飯嶋洋治のブログ

自動車系の著者です。

キングピン角の意味・自動車の基礎知識(80)

ステアリングを操作したときのタイヤの回転中心をキングピン軸といいます。これはクルマを横から見るとキャスター角になりますが、前後から見た時の左右の傾きをとくにキングピン角といいます。

キングピンというパーツはフロントサスペンションがリジッド式の場合には実際に存在します。独立式の場合には、このパーツがありませんが、ステアリングを切ったときのタイヤの回転中心があるので、それを仮想キングピン軸とか仮想キングピン角と呼びます。

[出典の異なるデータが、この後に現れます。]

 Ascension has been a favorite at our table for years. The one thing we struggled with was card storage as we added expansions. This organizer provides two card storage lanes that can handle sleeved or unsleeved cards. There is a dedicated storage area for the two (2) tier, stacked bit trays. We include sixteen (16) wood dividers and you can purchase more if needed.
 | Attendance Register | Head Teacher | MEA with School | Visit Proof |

きちんと知りたい!自動車サスペンションの基礎知識(日刊工業新聞社)
キングピン角によってステアリングの操作力を軽減する

キングピン角は通常は前後から見て内側に倒れる角度がついています。これはキャンバー角に関係なく、ステアリングの操作時のタイヤの回転中心とタイヤの接地面中心が接近するようにしているからです。

こうすることで、支点から作用点(下図①キングピン角のO-M)の距離が近くなるために、てこの原理でより小さい力でステアリング操作ができるようになります。

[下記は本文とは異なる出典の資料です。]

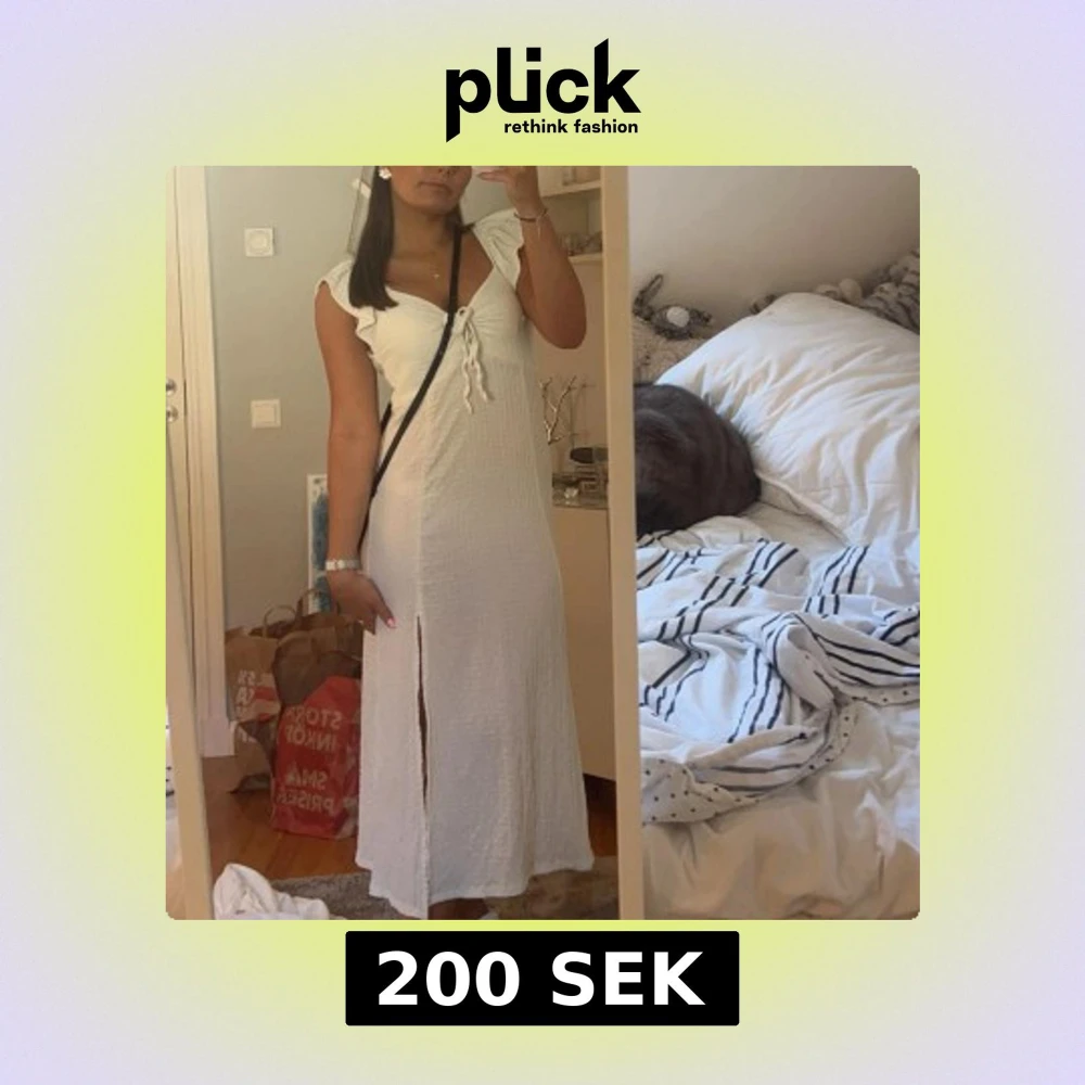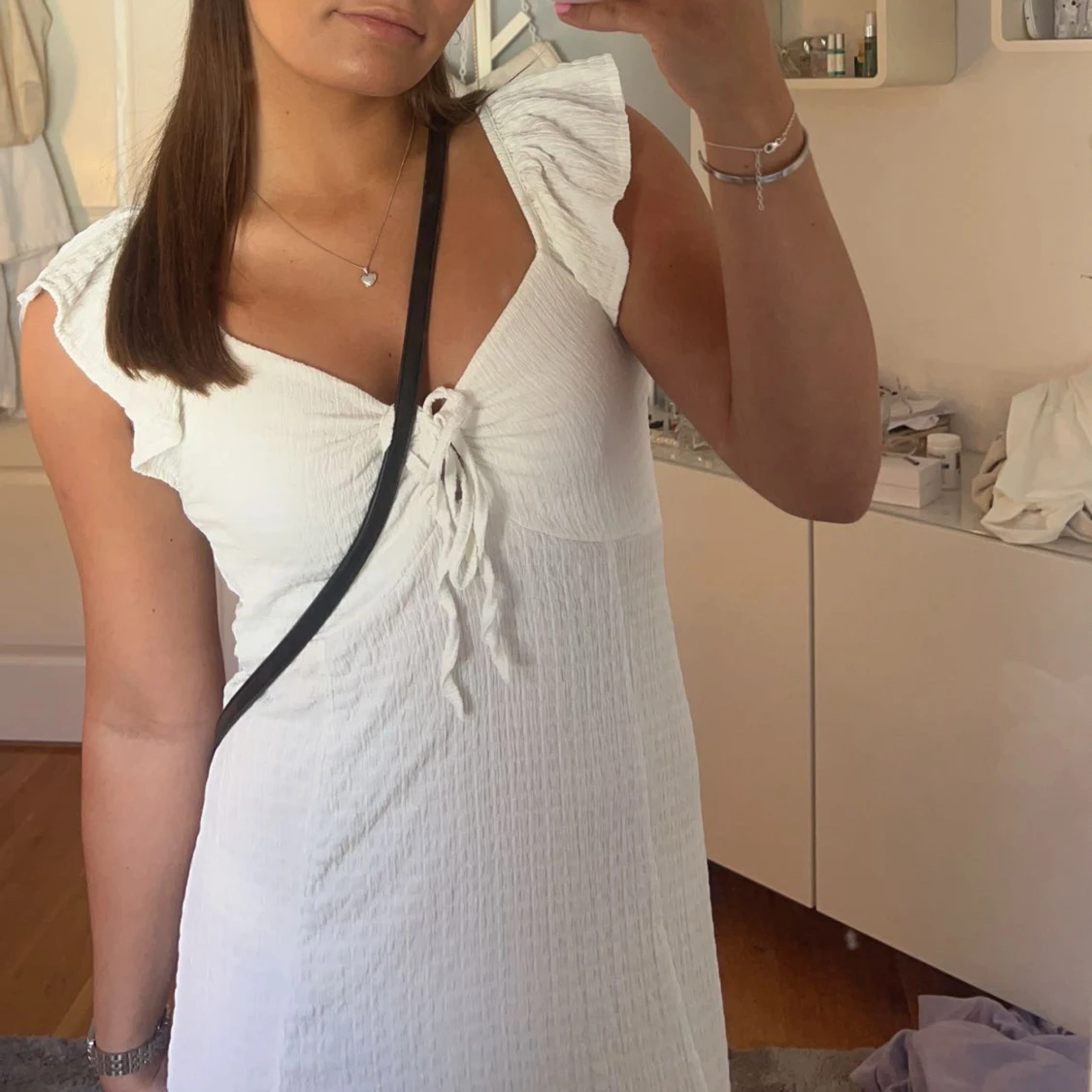 Säljer en vit långklänning med volangdetaljer vid axlarna och knyt framtill.

もうひとつ役割があります。クルマの地上高が変わらないと仮定した場合、キングピン角があることで、ステアリングを切るとタイヤは地面より下に動こうとします。これは直進状態でタイヤが一番高い位置にあり、ステアリングを切るとタイヤの位置が下るということです。

タイヤが直進状態に戻ろうとする力もサポートする

これは実際には、ステアリングを切るとクルマを持ち上げようという作用になります。このためキャスター角と同じくステアリングを握る力を弱めるとクルマは下に下がろうとしますから、ハンドルにセルフアライニングトルクが発生します。こうしてタイヤが直進状態に戻る力を助けているわけです。逆に考えるとキングピン角が強すぎるとハンドルが重くなるとも言えます。

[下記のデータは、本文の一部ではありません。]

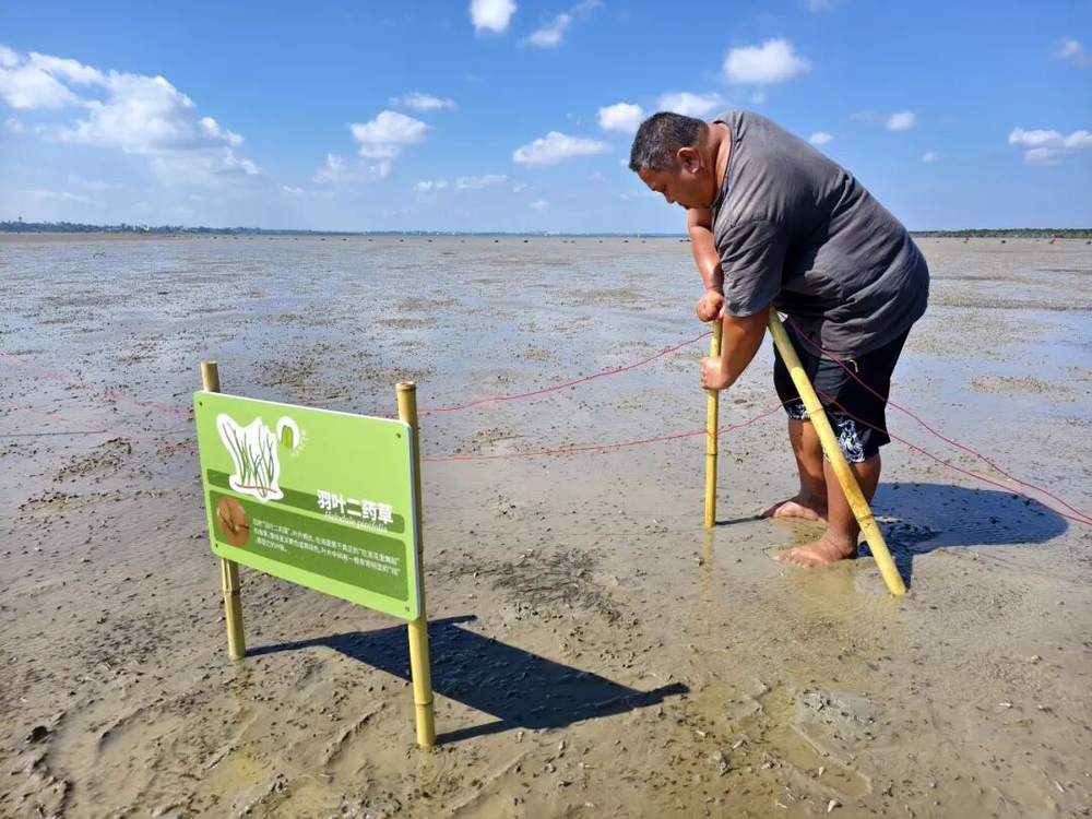 北港村民安装海草科普牌及围栏
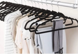 Велурените закачалки Ruhhy са перфектното допълнение към всеки гардероб. Те не само осигуряват достатъчно място за дрехите, но и гарантират, че вашите облекла остават перфектно организирани и без намачкване.

きちんと知りたい!自動車サスペンションの基礎知識(日刊工業新聞社)

キングピン軸とタイヤの接地中心を同一にした例もあります。これはスバルff-1のサスペンションです。キングピン軸を内側に倒すのではなく、タイヤの接地中心と同一にすることで、操作力も小さく直進安定性にも優れます。FF方式では理想ともいえます。